Agora, fazer todo esse esforço sem cobrar contrapartida internacional não é justo. Não é cumprir com o que preconiza o grande objetivo do nosso governo, que é combater a desigualdade, cuidar das pessoas, gerar emprego, gerar renda, fazer inclusão. E diminuir o número de miseráveis que, infelizmente, ainda campeiam pelas várias regiões do país.

Mas tudo isso precisa de dinheiro…
Eu sou a favor. Tudo isso precisa de dinheiro. Não é admissível que não nos deem direito de debater sobre como nós vamos valorar nossa matriz energética. Nós decidimos apostar na economia verde. Vamos reindustrializar o Brasil por meio da energia limpa e renovável.

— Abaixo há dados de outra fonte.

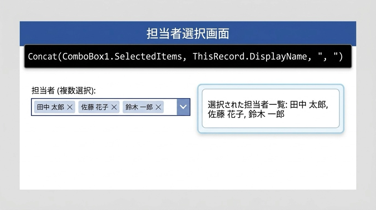 Concatは「テーブルを文字列に変換する関数」です。コンボボックスの複数選択をメール宛先にする、コレクションの内容をまとめて表示する、といった場面で繰り返し使います。
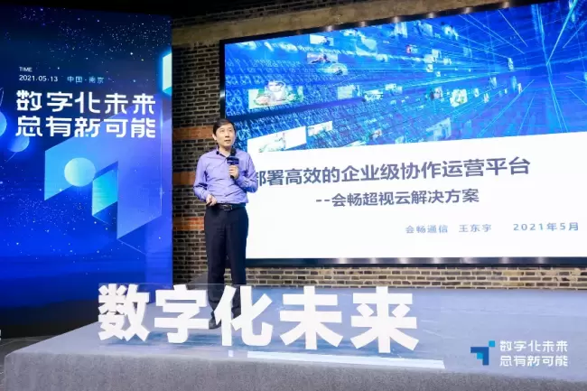 5月13日,南京,会畅通讯副总裁兼CTO 王东宇受邀参加由江苏省企业信息化协会与南京市智造促进中心联合主办的“2021企业数字化转型生态交流会暨两化融合及数字化转型解决方案环省行南京站”活动(以下简称活动)。现场,王东宇以“新基建+部署高效的企业级协作运营平台”为主题展开分享,与参会嘉宾共话企业数字转型实战新技术、新理念、新思路。

Sou a favor de tudo aquilo que tiver dentro das possibilidades. E aí quem pode dizer se o Imposto Seletivo é possível, dentro das contas públicas atuais, é o ministro da economia [na verdade, da Fazenda, Fernando Haddad].

O que o ministro de Minas e Energia sempre repudia é a tentativa de criminalizar a adequada e ambientalmente correta exploração das nossas riquezas. Isso é inadmissível, é hipocrisia.

Alguém pode defender, em sã consciência, a transição energética sem nióbio? Sem lítio, sem cobalto, sem cobre? Não. Os minerais críticos são imprescindíveis para a transição energética. Agora, como que se conseguem os minerais críticos? Por meio da mineração, que muitas vezes, simplesmente ideologicamente, é criminalizada por alguns.

No momento em que o Brasil e o mundo acordaram, na COP28, a saída gradual dos combustíveis fósseis, como conciliar esses discursos?
Eu estava na COP, e me preocupou muito o documento aprovado no final que apontou para o caminho de triplicar a produção de energia renovável. Me pareceu uma decisão politicamente correta, mas completamente desconectada da realidade do financiamento dos países industrializados comprometidos com o Acordo de Paris em 2009. Porque o número para se triplicar a produção de energia limpa e renovável até 2030, quando se deve cumprir o Acordo de Paris, é US$ 4,2 trilhões.

Os países industrializados se comprometeram a aplicar US$ 100 bilhões por meio do investimento nos fundos de clima, e não fizeram. Transição energética, como o Brasil, ninguém está fazendo no mundo, ninguém.

Agora, transição energética, para dar certo e para que o Acordo de Paris seja cumprido, só no dia em que o presidente Lula for ouvido pelos países industrializados e eles começarem a cumprir os compromissos assumidos em 2009. Nós precisamos criar uma governança global para a transição energética.